◆ Data extracts
=-=-=

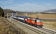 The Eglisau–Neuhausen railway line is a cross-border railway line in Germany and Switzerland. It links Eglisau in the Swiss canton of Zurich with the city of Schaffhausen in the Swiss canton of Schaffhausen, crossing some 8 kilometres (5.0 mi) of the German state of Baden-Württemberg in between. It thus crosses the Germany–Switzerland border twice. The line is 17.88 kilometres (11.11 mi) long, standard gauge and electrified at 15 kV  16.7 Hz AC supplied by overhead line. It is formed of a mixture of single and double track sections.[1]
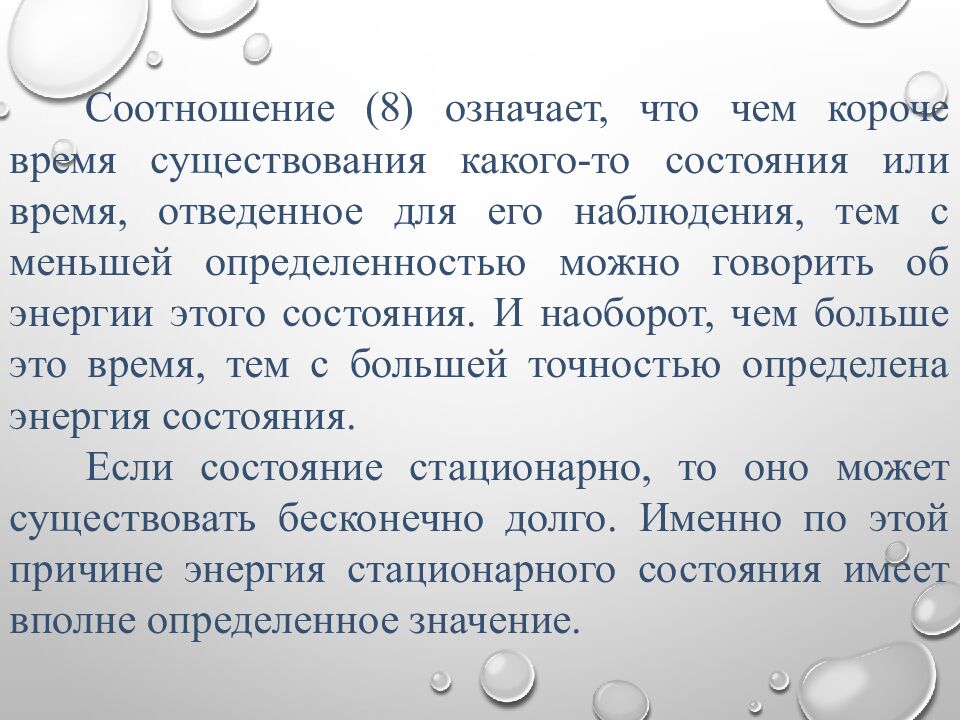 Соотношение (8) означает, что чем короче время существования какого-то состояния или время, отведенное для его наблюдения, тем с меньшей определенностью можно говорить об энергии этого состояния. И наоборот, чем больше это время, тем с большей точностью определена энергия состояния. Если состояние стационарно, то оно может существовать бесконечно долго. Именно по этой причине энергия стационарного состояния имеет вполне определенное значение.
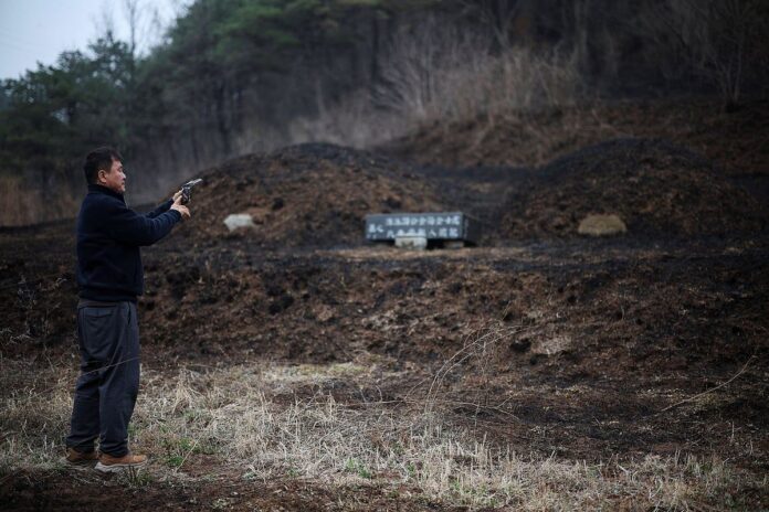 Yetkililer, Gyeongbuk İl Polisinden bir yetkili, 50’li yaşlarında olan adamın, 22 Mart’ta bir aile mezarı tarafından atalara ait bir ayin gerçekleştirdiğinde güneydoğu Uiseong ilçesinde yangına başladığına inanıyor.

=-=-=

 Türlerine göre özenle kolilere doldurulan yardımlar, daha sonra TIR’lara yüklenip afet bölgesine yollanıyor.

=-=-=

Beginning with the line above that contains "Соотношение (8) означает, что" and finishing with the line that contains "Yetkililer, Gyeongbuk İl", print those lines exactly and only. Skip all pictures.

◆ Written answer
 Соотношение (8) означает, что чем короче время существования какого-то состояния или время, отведенное для его наблюдения, тем с меньшей определенностью можно говорить об энергии этого состояния. И наоборот, чем больше это время, тем с большей точностью определена энергия состояния. Если состояние стационарно, то оно может существовать бесконечно долго. Именно по этой причине энергия стационарного состояния имеет вполне определенное значение.
 Yetkililer, Gyeongbuk İl Polisinden bir yetkili, 50’li yaşlarında olan adamın, 22 Mart’ta bir aile mezarı tarafından atalara ait bir ayin gerçekleştirdiğinde güneydoğu Uiseong ilçesinde yangına başladığına inanıyor.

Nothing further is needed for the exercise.